* Task statement:
No pictures, please. Output the lines from the start of the data through the line that contains "and IPv4-DHCP Options", both included, exactly as they stand.

(Listed entries Opens)

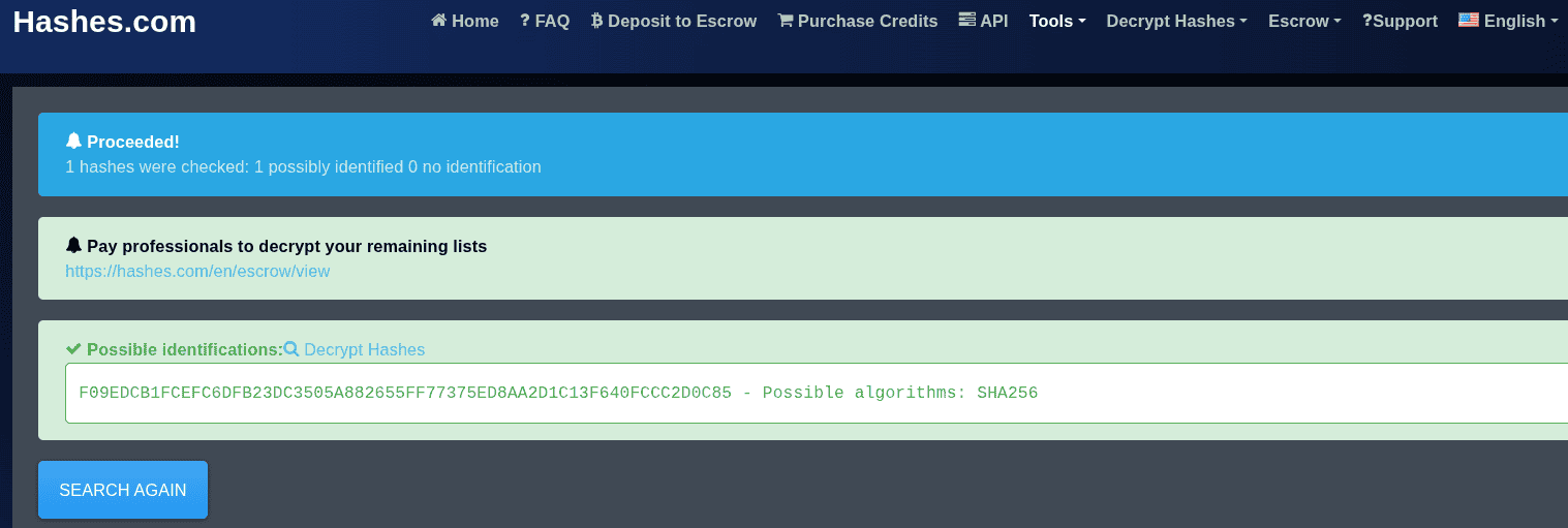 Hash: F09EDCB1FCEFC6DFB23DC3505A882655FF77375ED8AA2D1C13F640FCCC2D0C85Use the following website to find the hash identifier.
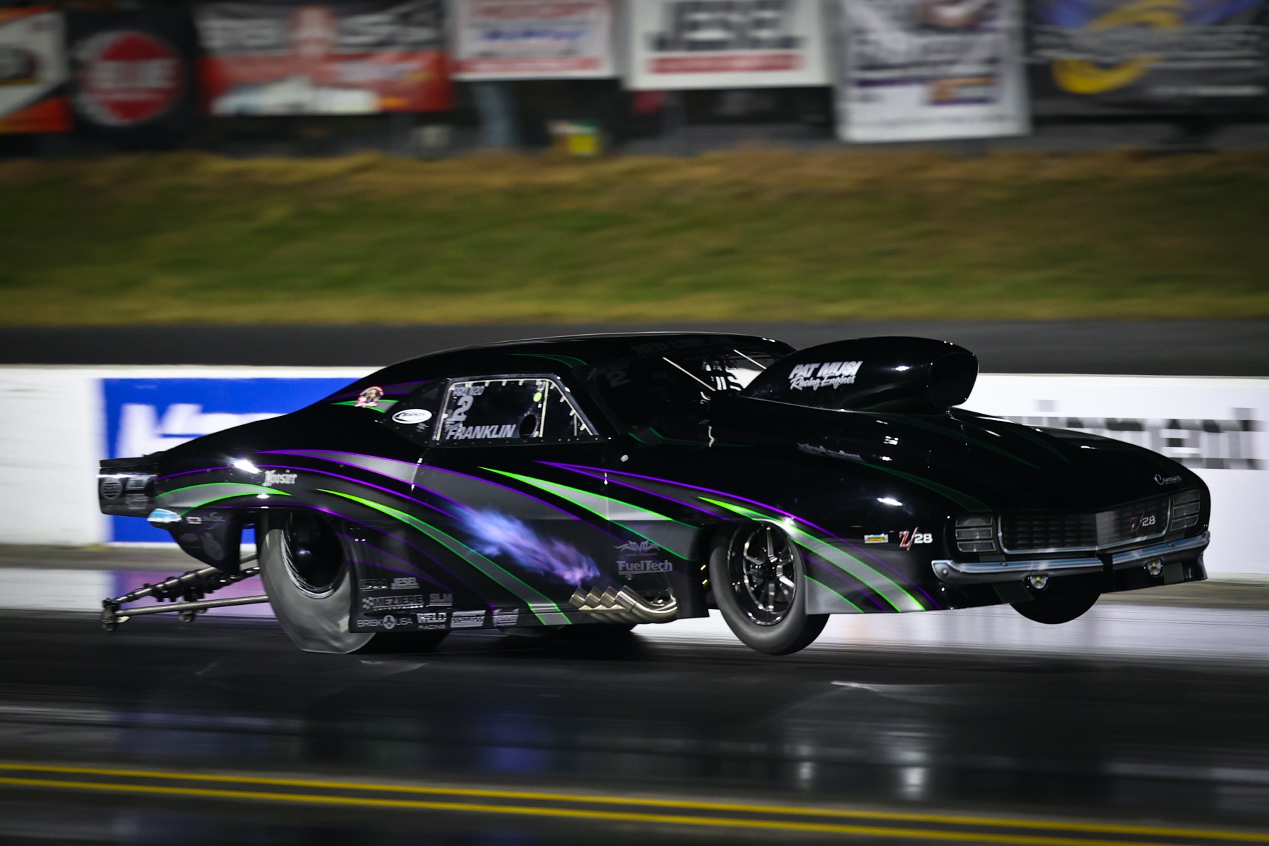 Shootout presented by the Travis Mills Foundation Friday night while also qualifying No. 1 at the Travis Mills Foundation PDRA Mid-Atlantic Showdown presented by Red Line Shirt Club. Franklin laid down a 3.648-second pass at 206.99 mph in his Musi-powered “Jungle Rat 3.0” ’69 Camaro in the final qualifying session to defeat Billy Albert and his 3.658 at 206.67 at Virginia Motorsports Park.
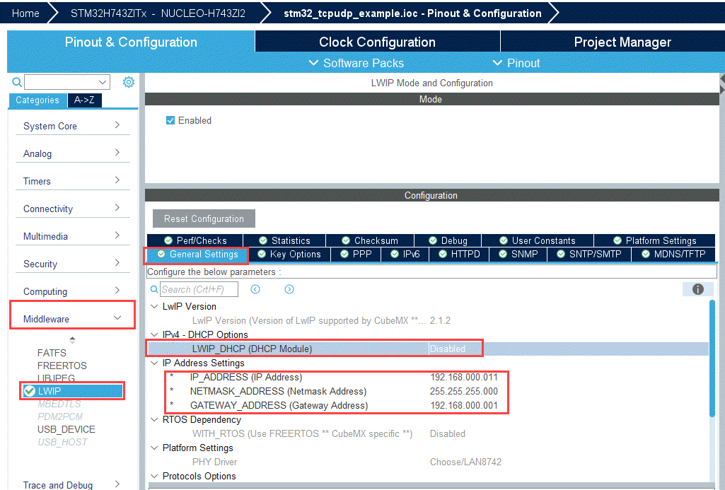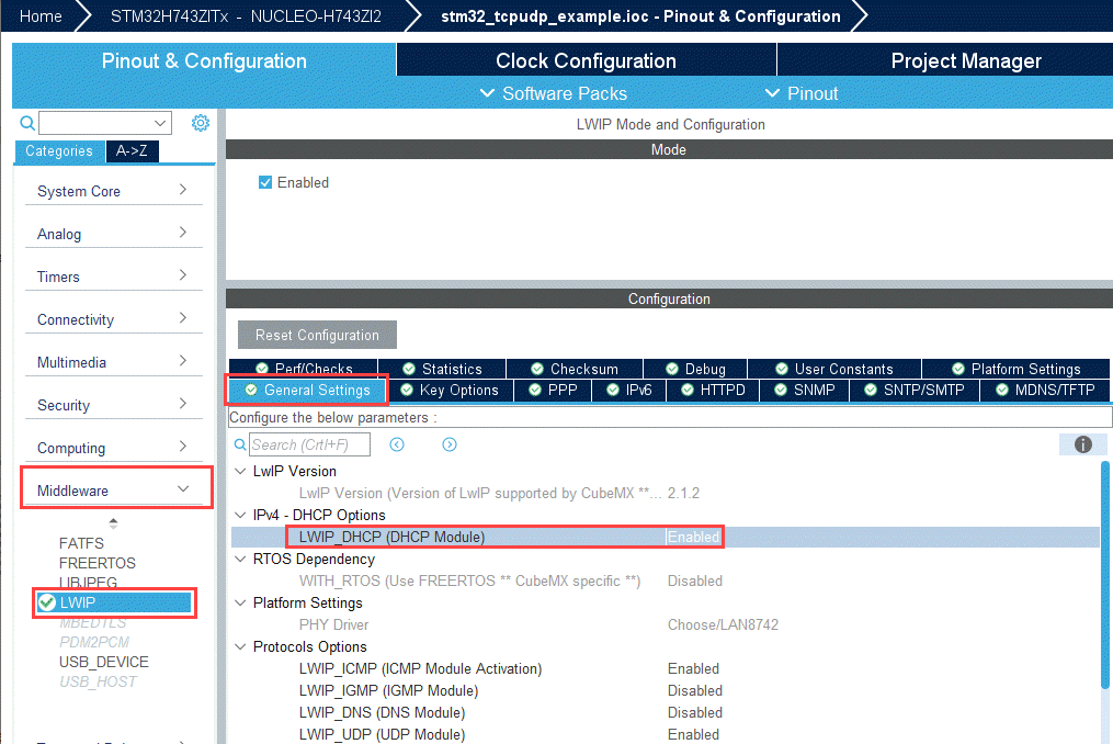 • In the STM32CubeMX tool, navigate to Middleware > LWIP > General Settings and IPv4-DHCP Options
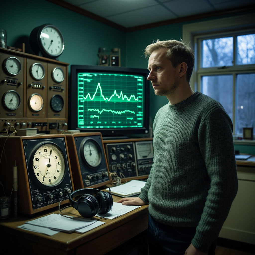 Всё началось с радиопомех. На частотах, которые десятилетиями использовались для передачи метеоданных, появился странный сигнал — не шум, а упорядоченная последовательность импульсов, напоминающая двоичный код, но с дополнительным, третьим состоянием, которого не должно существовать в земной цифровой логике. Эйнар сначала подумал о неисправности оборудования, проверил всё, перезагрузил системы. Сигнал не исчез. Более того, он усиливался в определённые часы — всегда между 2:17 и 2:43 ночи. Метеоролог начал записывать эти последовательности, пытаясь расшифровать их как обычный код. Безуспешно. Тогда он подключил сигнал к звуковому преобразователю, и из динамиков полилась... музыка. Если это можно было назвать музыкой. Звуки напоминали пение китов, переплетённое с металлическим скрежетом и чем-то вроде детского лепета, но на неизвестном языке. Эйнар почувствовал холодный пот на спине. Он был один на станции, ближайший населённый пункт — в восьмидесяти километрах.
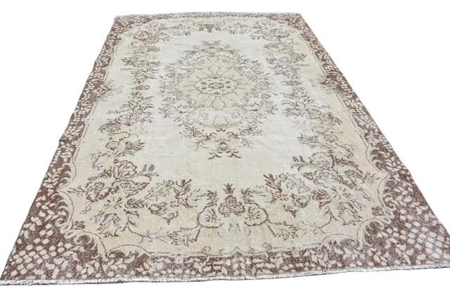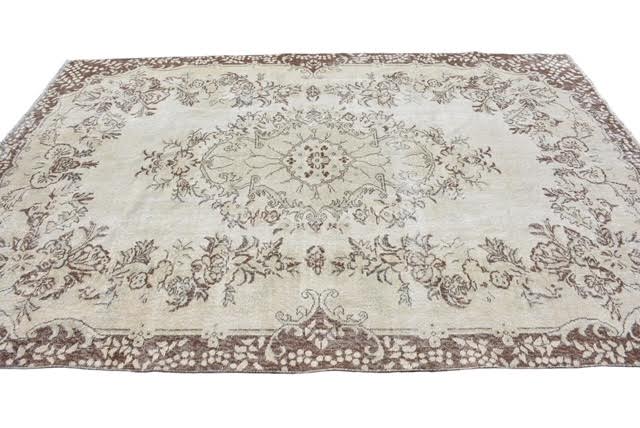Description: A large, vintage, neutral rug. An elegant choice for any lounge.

(Listed entries Closes)

* Reply:
 Hash: F09EDCB1FCEFC6DFB23DC3505A882655FF77375ED8AA2D1C13F640FCCC2D0C85Use the following website to find the hash identifier.
 Shootout presented by the Travis Mills Foundation Friday night while also qualifying No. 1 at the Travis Mills Foundation PDRA Mid-Atlantic Showdown presented by Red Line Shirt Club. Franklin laid down a 3.648-second pass at 206.99 mph in his Musi-powered “Jungle Rat 3.0” ’69 Camaro in the final qualifying session to defeat Billy Albert and his 3.658 at 206.67 at Virginia Motorsports Park.
 • In the STM32CubeMX tool, navigate to Middleware > LWIP > General Settings and IPv4-DHCP Options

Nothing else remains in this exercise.